TASK TO COMPLETE: Using the records below, repeat exactly the lines from the one holding "基于行業(yè)對智能化、綠" through the one holding "หลักสูตร : การอ่านงบการเงิน", both ends included, and no others.

------ DATA

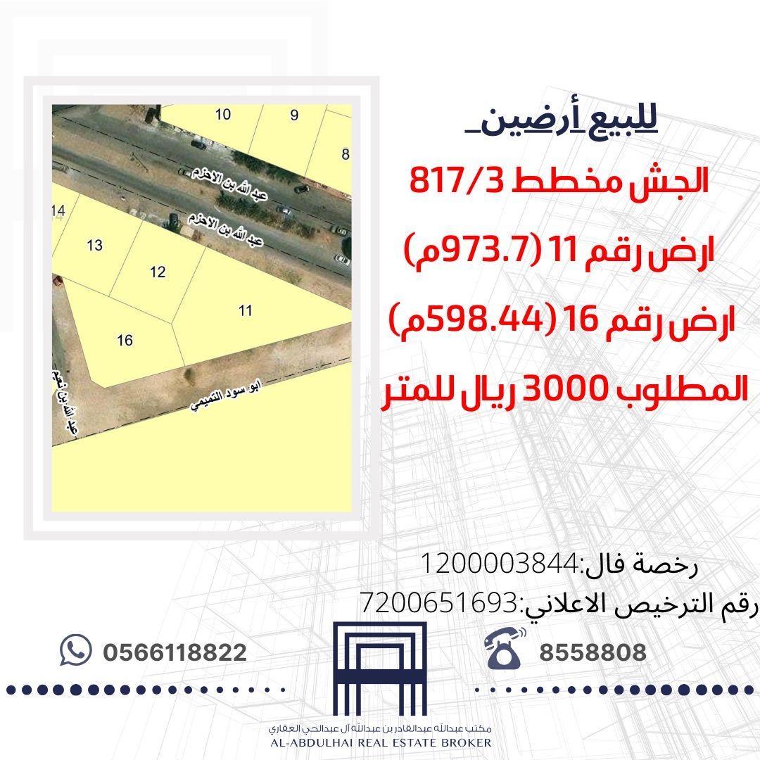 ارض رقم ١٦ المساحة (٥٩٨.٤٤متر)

------------
------ DATA

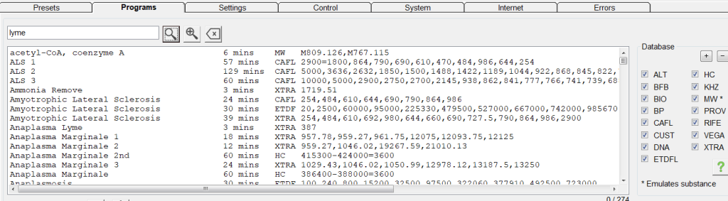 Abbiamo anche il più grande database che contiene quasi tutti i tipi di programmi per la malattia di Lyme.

------------
------ DATA

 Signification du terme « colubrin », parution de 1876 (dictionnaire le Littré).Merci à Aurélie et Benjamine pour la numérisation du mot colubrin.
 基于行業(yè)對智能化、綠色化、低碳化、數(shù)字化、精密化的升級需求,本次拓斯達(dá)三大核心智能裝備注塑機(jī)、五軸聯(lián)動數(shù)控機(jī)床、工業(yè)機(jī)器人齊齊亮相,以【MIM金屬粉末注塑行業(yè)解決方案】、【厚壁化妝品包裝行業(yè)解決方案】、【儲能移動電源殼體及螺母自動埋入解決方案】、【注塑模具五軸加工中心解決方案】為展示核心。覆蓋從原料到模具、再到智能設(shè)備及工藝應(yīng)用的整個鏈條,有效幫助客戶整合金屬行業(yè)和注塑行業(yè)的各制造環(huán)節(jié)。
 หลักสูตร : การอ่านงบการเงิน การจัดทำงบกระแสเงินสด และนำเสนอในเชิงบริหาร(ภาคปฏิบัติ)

------------

RESULT OF THE TASK:
 基于行業(yè)對智能化、綠色化、低碳化、數(shù)字化、精密化的升級需求,本次拓斯達(dá)三大核心智能裝備注塑機(jī)、五軸聯(lián)動數(shù)控機(jī)床、工業(yè)機(jī)器人齊齊亮相,以【MIM金屬粉末注塑行業(yè)解決方案】、【厚壁化妝品包裝行業(yè)解決方案】、【儲能移動電源殼體及螺母自動埋入解決方案】、【注塑模具五軸加工中心解決方案】為展示核心。覆蓋從原料到模具、再到智能設(shè)備及工藝應(yīng)用的整個鏈條,有效幫助客戶整合金屬行業(yè)和注塑行業(yè)的各制造環(huán)節(jié)。
 หลักสูตร : การอ่านงบการเงิน การจัดทำงบกระแสเงินสด และนำเสนอในเชิงบริหาร(ภาคปฏิบัติ)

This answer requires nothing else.